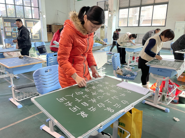 本次比赛为现场比赛,共设硬笔字、粉笔字、毛笔字三个项目。比赛过程中,聚龙小学的老师认真专注,纸笔交织,软硬互衬。钢笔字作品有的清丽婉约,有点隽秀挺拔;粉笔字作品有的刚劲有力,有的潇洒飘逸;毛笔字作品有的独具创新,有的刚健遒劲。中华传统文化的美,在笔尖行云流水而出。通过老师们的努力,陈涌聚龙小学获得以下奖项:
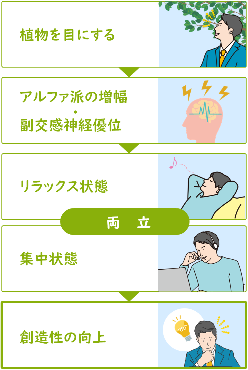 ヒトは森林などの自然の中で、無意識のうちに「ストレスが軽減される」「気分がスッキリする」と感じるものです。しかし、室内で過ごす時間が長い現代人にとっては、植物のこうした効果が、室内環境においてますます重要と言えるでしょう。
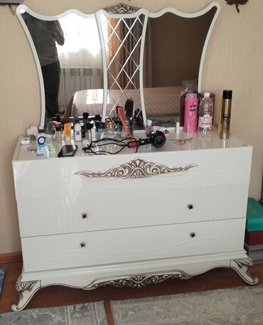 - Geniş komod-güzgü – 2 böyük çekmece, ağ parlaq səth, qızılı naxışlı oyma elementlər, dalğalı kənarlı üç hissəli böyük güzgü (ortada rombşəbəkəli dekor).
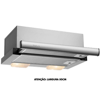 Exaustor telescópico de 50 cm com frente em aço inoxidável extraível, motor de dupla turbina e capacidade máxima de extração de 304 m³/h.
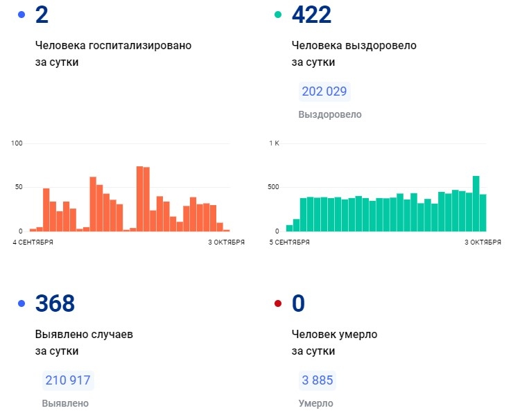 Двое суток подряд число новых случае не превышает 400. Хотя а протяжении последних двух недель показатели были больше.

⁂

What the task requires: Return nothing except the lines from the one containing "Exaustor telescópico de" through the final line of the data, copied exactly. Leave out all pictures.

Exercise response:
 Exaustor telescópico de 50 cm com frente em aço inoxidável extraível, motor de dupla turbina e capacidade máxima de extração de 304 m³/h.
 Двое суток подряд число новых случае не превышает 400. Хотя а протяжении последних двух недель показатели были больше.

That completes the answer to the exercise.